[Saved data entries]
********

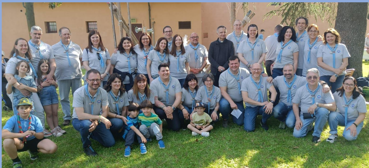
Ph: momenti dell'atto di costituzione della Comunità. Al centro, Mons Erio Castellucci, vescovo di Modena-Nonantola-Carpi, settembre 2023
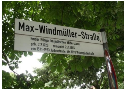
Max Windmüller Strasse in Emden
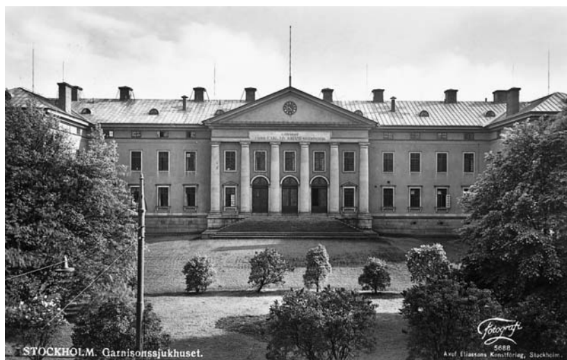
Gamla Garnis i Stockholm.

På försommaren ryckte årets värnpliktiga in och både kasernen och terrängen fylldes av folk. Vi volontärer slapp våra blå uniformer och
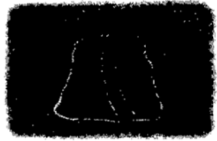
i 発掘された窯跡（黒炭用）

古来より、須玉町内では炭焼きが行なわれており、最近の発掘調査でも古い窯跡が多く発見されています。
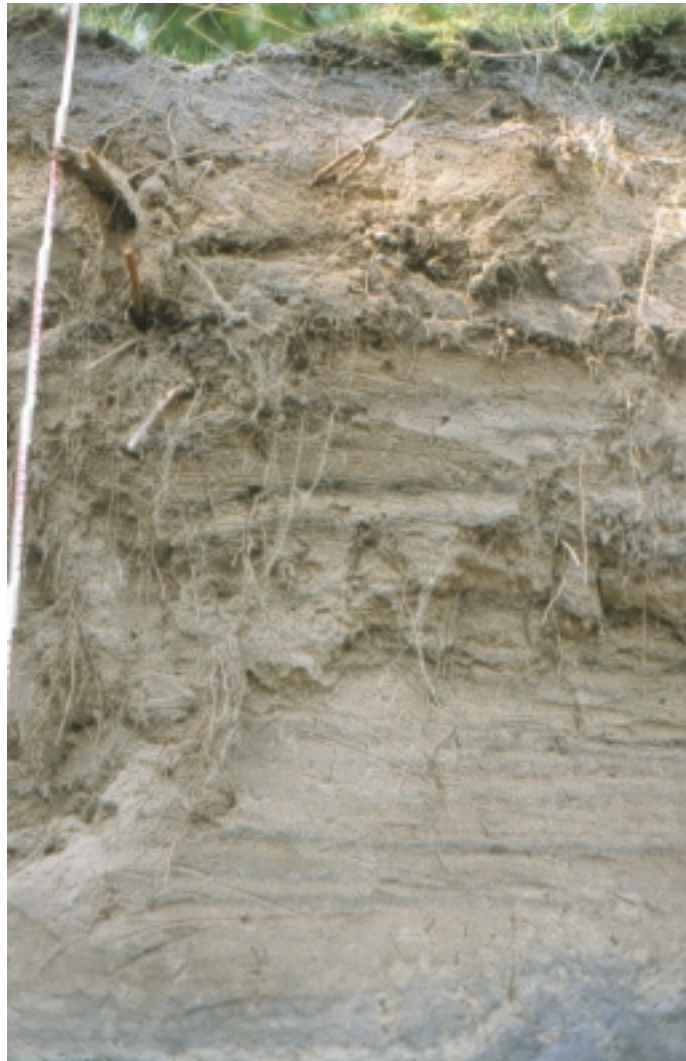
Bild 2: Brammerau, oberer Teil der Düne mit Humusbändern
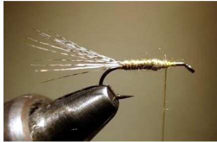
Faire un corps en fil de montage ou comme ici en dubbing synthétique.
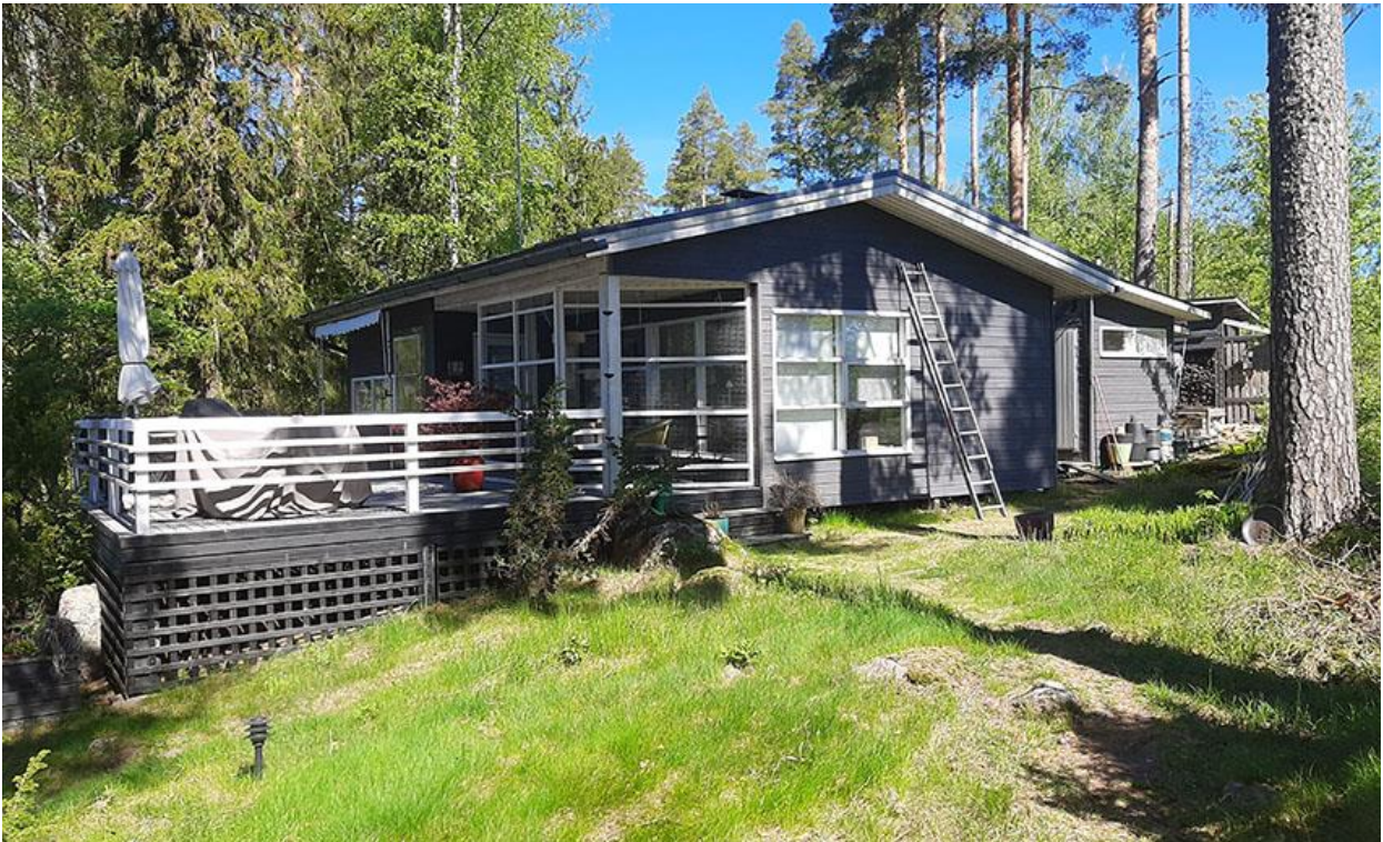
Kuva 4. Loma-asunto kuvattuna lounaan suunnasta.
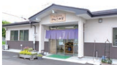
◀地域名から名付けられた「わんこの家」
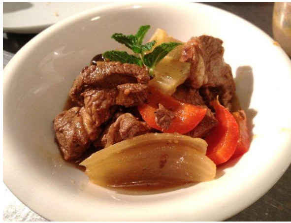
おつまみの、ラムのピクルス。
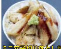
ミニ穴子切り落とし丼

■お好きなミニ丼とお寿司の2味を満喫！ ■ミニ中落ち丼・・・¥240 ■ミニ数の子(バラ)丼・・・¥240 ■ミニ穴子切り落とし丼・・・¥300
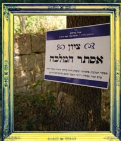
ברעם - אסתר המלכה
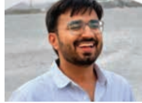
प्रक्रिया संपन्न हुई।
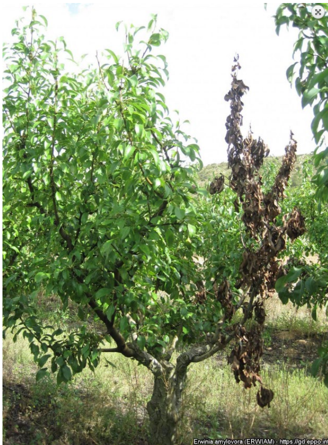
Symptom på pæretre.
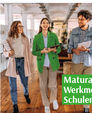
Matura, Werkmeister, Schulen
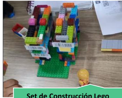
Set de Construcción Lego Administración de Negocios Internacionales

********

* [What you should do] Please copy every line from the entries that includes the word "ミニ穴子切り落とし丼".

* [Expected answer]
ミニ穴子切り落とし丼
■お好きなミニ丼とお寿司の2味を満喫！ ■ミニ中落ち丼・・・¥240 ■ミニ数の子(バラ)丼・・・¥240 ■ミニ穴子切り落とし丼・・・¥300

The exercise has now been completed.